Mark: I’ve got one fellow in Arm Assembly that was a supervisor that was actually working a (operator’s) position pretty much all the time. He would have to take care of problems and situations and he was having a hard time looking at the bigger picture to meet the scheduling demands. Him being on that line was a real issue because he couldn’t get the people that he needed trained and up to speed. He was more focused on making the day to day numbers as opposed to trying to improve the business long-term. That was a headache (for me) because I had to keep telling him he needed to remove himself from all of those issues and details because he had a second in command that can do anything that he can do (on the line). I told him he needed to push more responsibility down on her. We gave him the date of December 31 which would be the last time he would ever be able to work on the line again. Now he’s strictly a supervisor. He’s feeling what I’m feeling now which is all of those headaches and worrying about all of those details are gone so he can sit back and look at what he needs to do to run his portion of the business: get the people in, work with the temp agencies, spend time training people, look at the processes, and just the overall appearance of the facility, trying to get things working more efficiently.
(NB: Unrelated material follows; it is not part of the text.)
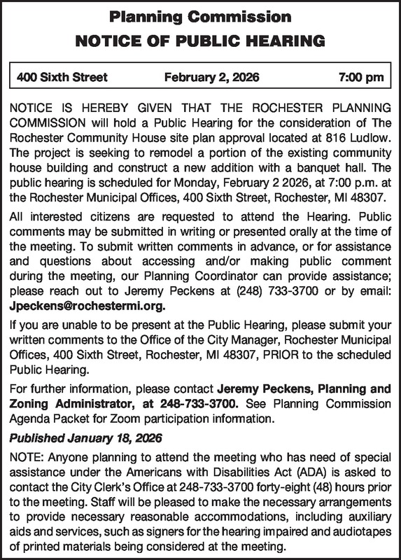 anning Commission NOTICE OF PUBLIC HEARING 400 Sixth Street February 2, 2026 7:00 pm NOTICE IS HEREBY GIVEN THAT THE ROCHESTER PLANNING COMMISSION will hold a Public Hearing for the consideration of The Rochester Community House site plan approval located at 816 Ludlow. The project is seeking to remodel a portion of the existing community house building and construct a new addition with a banquet hall. The public hearing is scheduled for Monday, February 2 2026, at 7:00 p.m. at the Rochester Municipal Offices, 400 Sixth Street, Rochester, MI 48307. All interested citizens are requested to attend the Hearing. Public comments may be submitted in writing or presented orally at the time of the meeting. To submit written comments in advance, or for assistance and questions about accessing and/or making public comment during the meeting, our Planning Coordinator can provide assistance; please reach out to Jeremy Peckens at (248) 733-3700 or by email: Jpeckens@rochestermi.org. If you are unable to be present at the Public Hearing, please submit your written comments to the Office of the City Manager, Rochester Municipal Offices, 400 Sixth Street, Rochester, MI 48307, PRIOR to the scheduled Public Hearing. For further information, please contact Jeremy Peckens, Planning and Zoning Administrator, at 248-733-3700. See Planning Commission Agenda Packet for Zoom participation information. Published January 18, 2026 NOTE: Anyone planning to attend the meeting who has need of special assistance under the Americans with Disabilities Act (ADA) is asked to contact the City Clerk’s Office at 248-733-3700 forty-eight (48) hours prior to the meeting. Staff will be pleased to make the necessary arrangements to provide necessary reasonable accommodations, including auxiliary aids and services, such as signers for the hearing impaired and audiotapes of printed materials being considered at the meeting.

Todd: How long did it take for your supervisors and front-line operators to buy into the improvements you wanted to make?

Mark: Definity came in and turned their whole world upside down. They were pushed out of their comfort zones – everybody was, including me. I guess the buy in started to happen when they saw it was possible to do this. When they saw it was possible to have a multi-mix line and to make the changes with them involved in making the changes. And as the changes were made, the numbers just started going up and up. Finally, when we started hitting those numbers once, we would celebrate, but when we would hit those numbers more and more, we would give them the feedback and praise of how good of a job they were doing. On the days that they didn’t hit the numbers, we would focus on why and make improvements the following day. It was a process of momentum. As they saw things getting better, it became a self-fulfilling prophecy.

Todd: Do you have any stories of their personal benefit from the transformation?

Mark: At the end of the year, they didn’t think they were going to have a bonus because of some repair problems and other things that were going on. But a lot of the bonus came from the fact that it was the product that we made in house with the margins that we make that provided that bonus. With Definity’s help, we were able to get more efficient to get better margins on those products so at the end of the year, they got the bonus check that we told them they weren’t going to get. They got a pretty damn good bonus check and everyone was just tickled to death. They got it on Christmas Eve and they had the time to spend it on what they wanted over Christmas. And that really drove it home. It’s like everybody came back after the break and thought, you know what, that made sense. We can see where all these improvements are going. This is for the bottom line, to make the company healthier, to provide profits, to provide bonuses, to provide raises, better raises, more opportunities, better environment to work, and make it easier for them. Produce more at the same time as making their job easier. We’re not trying to make them work harder, we just want them to work more efficiently and make it easier to produce more. It makes their life a lot more headache free – mine sure as heck is!